Hinduism Today Magazine Issues and Articles
Hindu Girl's Retreat
Category : May/June 2001

YOUTH

Hindu Girl's Retreat

Week-long study program explores a woman's path in the modern world



In late December, 2000, 13 young devotees of Satguru Sivaya Subramuniya, publisher of Hinduism Today, gathered at his invitation near his island ashram on Kauai, Hawaii, for a first-ever all-girls retreat for Hindu studies overseen by family devotees and taught his senior swamis. The ashram had previously conducted coed retreats, but was aware of studies in education showing the value of all-girl programs. This successful retreat can be a model for other ashrams and temples in the West.Hinduism Today asked Neesha Alahan, 21, an American-born Hindu and recent graduate of Kalakshetra School in Chennai, India, in bharata natyam dance, to write this report.
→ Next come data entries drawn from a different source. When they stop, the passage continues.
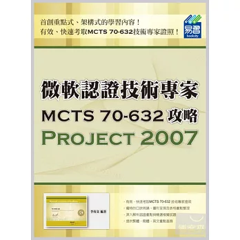 本書以學習者考照取向的觀點,提供有效、快速考取MCTS 70-632 Project攻略教材。內容包涵MCTS 70-632考照重點,利用圖形化、表格化,再搭配完整架構口訣,讓學習者能夠快速吸收重點。
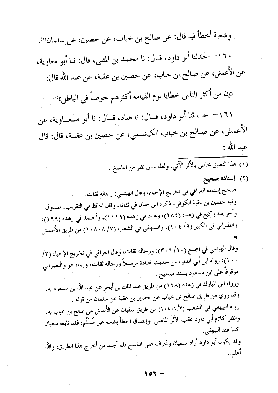 150 - حَدَّثَنَا أَبُو دَاوُدَ قَالَ: حَدَّثَنَا مُحَمَّدُ بْنُ الْمُثَنَّى، قَالَ: نَا أَبُو مُعَاوِيَةَ، عَنِ الْأَعْمَشِ، عَنْ صَالِحِ بْنِ خَبَّابٍ، عَنْ حُصَيْنِ بْنِ عُقْبَةَ، عَنْ عَبْدِ اللَّهِ، قَالَ: إِنَّ §مِنْ أَكْثَرِ النَّاسِ خَطَايَا يَوْمَ الْقِيَامَةِ أَكْثَرَهُمْ خَوْضًا فِي الْبَاطِلِ.
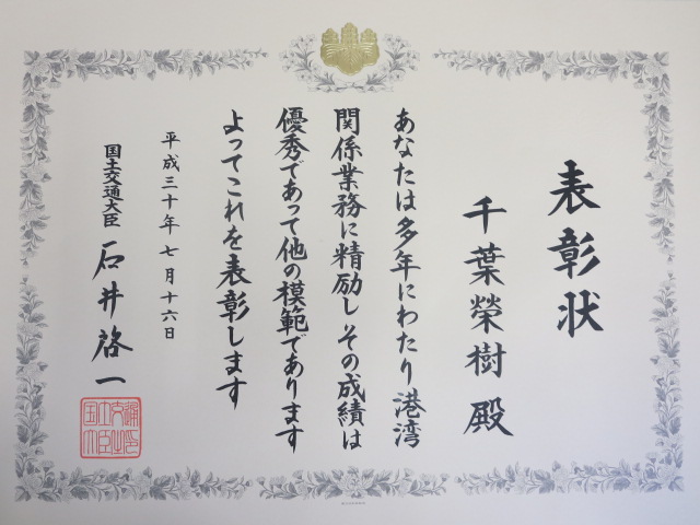 国土交通大臣より表彰を受けました! 2018年9月10日 最終更新日時 : 2018年9月10日 kdt-admin 多年に亘り、港湾関係事業に精励し、優秀な成績を残してきたことが讃えられ、当社の千葉栄樹が表彰を受けました。
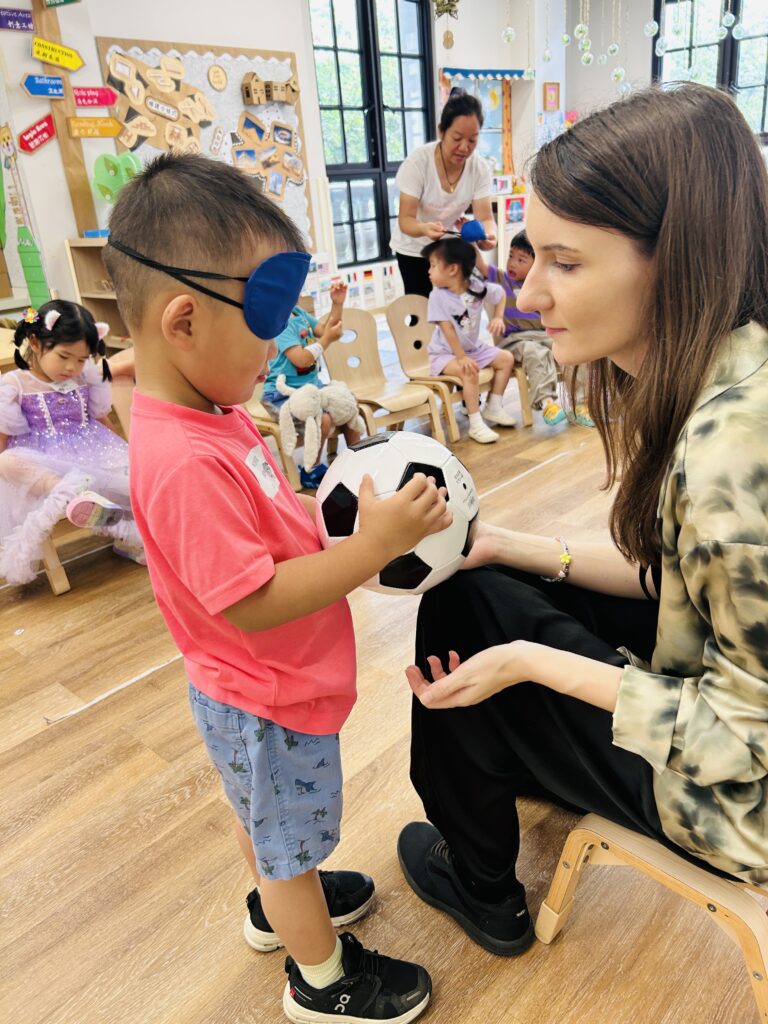 To test their learning, we played a blindfold guessing game — “Which ball is this?” they asked with giggles as their friends guessed by touch.

BY NEESHA ALAHAN, KAUAI, HAWAII

While Gurudeva was in Singapore last year, he suggested that there should be a retreat just for the Hindu girls and young women, rather than the usual coed youth camps. He felt that the girls had a great deal on their minds and that they should be able to talk about their troubles and the pressures that they were feeling about school, marriage, boyfriends and anything else that happened to concern them. This set in motion our Young Women's Retreat held from December 26 to January 1, 2001.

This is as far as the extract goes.